Keep the images out and copy every entry below exactly.

SUPPLIED DATA:
--------------------------------
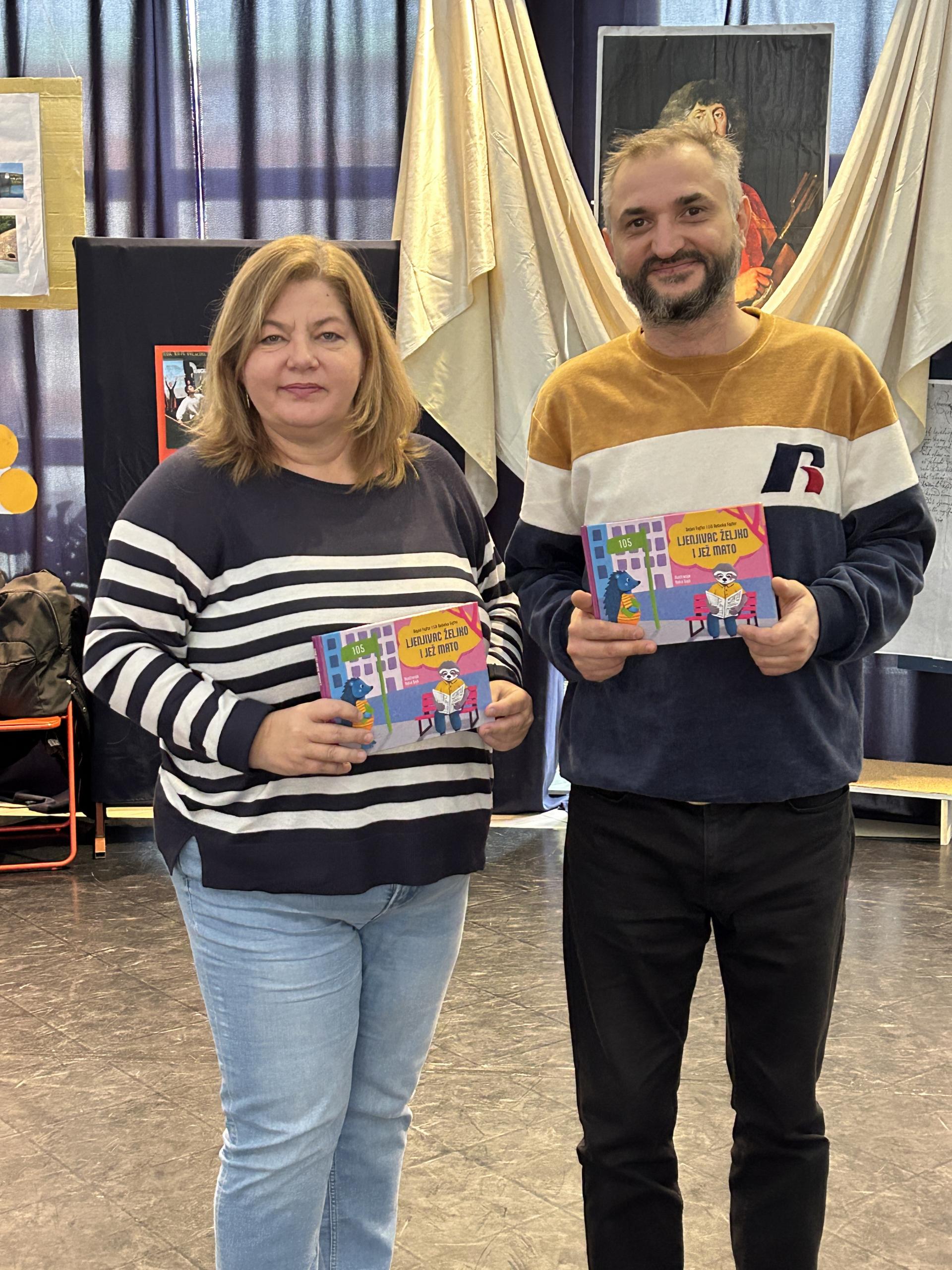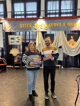 Fajfer Dejan, a könyv társszerzője, aki egyébként hivatásos színész, megosztotta a gyerekekkel, honnan merítette az ötletet a történethez, amelyben ®eljko és Mato együtt indulnak kalandos útjukra, hogy megtaláljanak egy elveszett könyvet. A mese központi üzenete a barátság, az összefogás és az olvasás fontossága. A gyerekeket nemcsak a mesével varázsolta el, hanem egy interaktív kvízt is tartott, amely vidám perceket és sok nevetést hozott. A program zárásaként egy vidám, állatokról szóló dalt énekelt, amelybe a gyerekek is örömmel bekapcsolódtak.
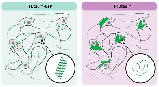FTDtau1+2-GFP and FTDtau1+2 tau form structurally and morphologically distinct pathological tau assemblies that differentially affect GVB accumulation. Schematic overview of the results: The FTDtau1+2-GFP tau pathology model results in densely packed, parallel tau filaments (in green), which are present in both the neuronal soma and neurites. Tau pathology in the FTDtau1+2 model is more evenly distributed within neuronal somata and presents a less organized filament ultrastructure. In addition, the FTDtau1+2 filaments are thinner and shorter than the FTDtau1+2-GFP filaments. The GVB load (in magenta) in the FTDtau1+2 model is approximately 10-fold higher than in the FTDtau1+2-GFP model.
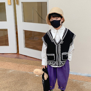 童装男童针织马甲秋冬装新款韩版洋气时尚中小童宝宝毛...
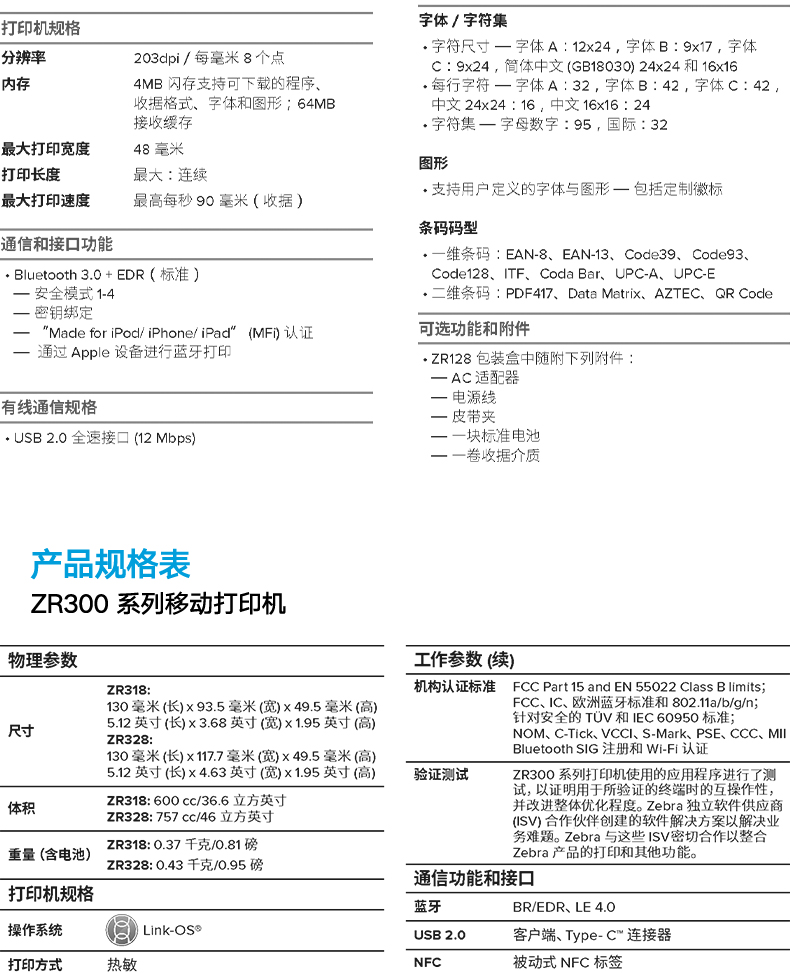 ZEBRA 斑马蓝牙便携打印机 无线条码标签打印机 ZR328 蓝牙WIFI版 (72mm宽)
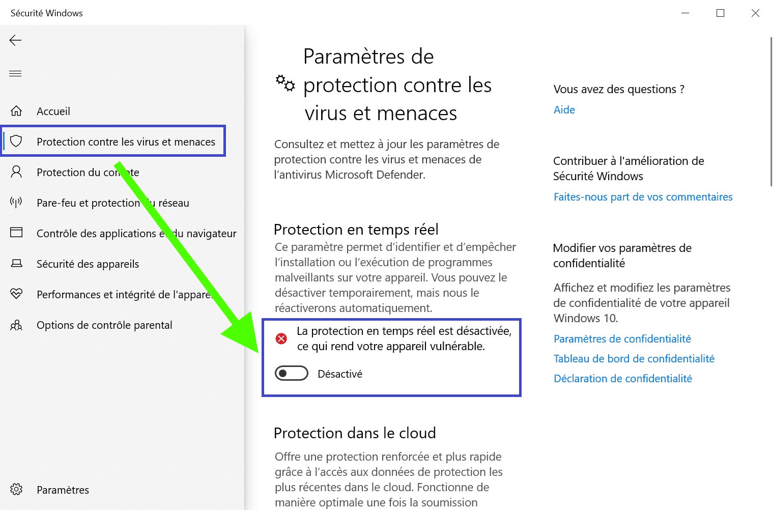 - Puis désactivez la Protection en temps réel.
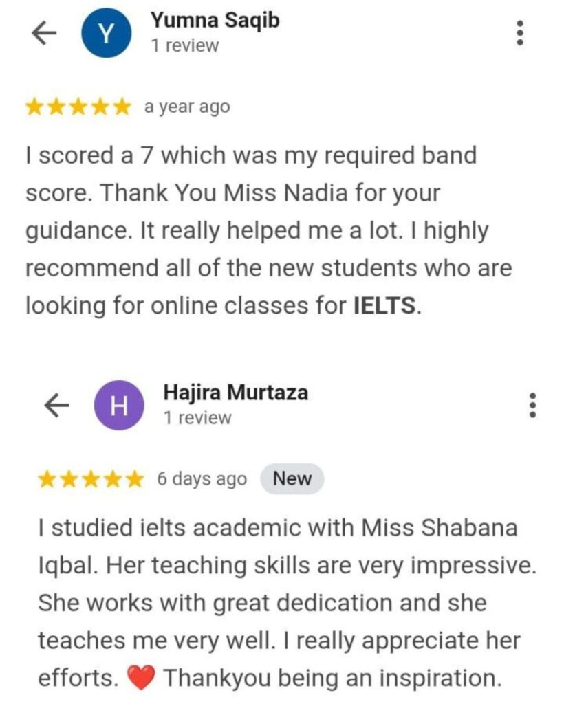 My name is Rabia shahzadi. I recently took the IELTS course from mam Nadia. She is very cooperative, conscientious and shows excellent effort and care with daily work. She truly cares about students’problems as she rescheduled my timetable a lot of time only on my saying .
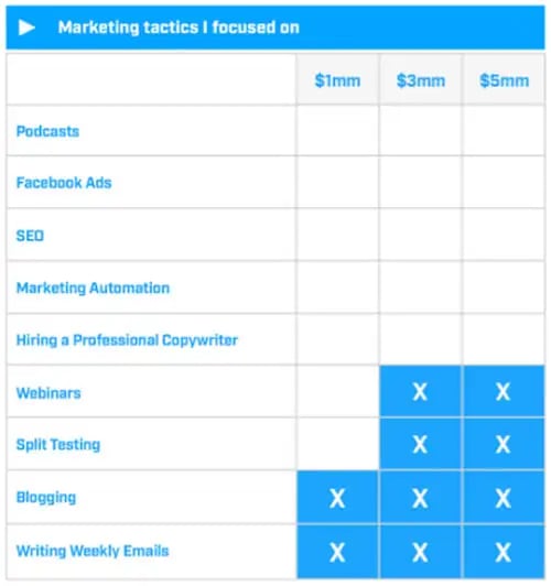 This chart should surprise you — not because of the things we did, but because of the things we chose not to do. If you listen to the advice of internet pundits, they’ll tell you how you “need to” use podcasts, SEO, SEM, marketing automation, email marketing, webinars, and on and on. Ignore them. The worst thing in the world is to be mediocre at 15 different platforms.
--------------------------------
ANSWER TO THIS EXERCISE:
 Fajfer Dejan, a könyv társszerzője, aki egyébként hivatásos színész, megosztotta a gyerekekkel, honnan merítette az ötletet a történethez, amelyben ®eljko és Mato együtt indulnak kalandos útjukra, hogy megtaláljanak egy elveszett könyvet. A mese központi üzenete a barátság, az összefogás és az olvasás fontossága. A gyerekeket nemcsak a mesével varázsolta el, hanem egy interaktív kvízt is tartott, amely vidám perceket és sok nevetést hozott. A program zárásaként egy vidám, állatokról szóló dalt énekelt, amelybe a gyerekek is örömmel bekapcsolódtak.
FTDtau1+2-GFP and FTDtau1+2 tau form structurally and morphologically distinct pathological tau assemblies that differentially affect GVB accumulation. Schematic overview of the results: The FTDtau1+2-GFP tau pathology model results in densely packed, parallel tau filaments (in green), which are present in both the neuronal soma and neurites. Tau pathology in the FTDtau1+2 model is more evenly distributed within neuronal somata and presents a less organized filament ultrastructure. In addition, the FTDtau1+2 filaments are thinner and shorter than the FTDtau1+2-GFP filaments. The GVB load (in magenta) in the FTDtau1+2 model is approximately 10-fold higher than in the FTDtau1+2-GFP model.
 童装男童针织马甲秋冬装新款韩版洋气时尚中小童宝宝毛...
 ZEBRA 斑马蓝牙便携打印机 无线条码标签打印机 ZR328 蓝牙WIFI版 (72mm宽)
 - Puis désactivez la Protection en temps réel.
 My name is Rabia shahzadi. I recently took the IELTS course from mam Nadia. She is very cooperative, conscientious and shows excellent effort and care with daily work. She truly cares about students’problems as she rescheduled my timetable a lot of time only on my saying .
 This chart should surprise you — not because of the things we did, but because of the things we chose not to do. If you listen to the advice of internet pundits, they’ll tell you how you “need to” use podcasts, SEO, SEM, marketing automation, email marketing, webinars, and on and on. Ignore them. The worst thing in the world is to be mediocre at 15 different platforms.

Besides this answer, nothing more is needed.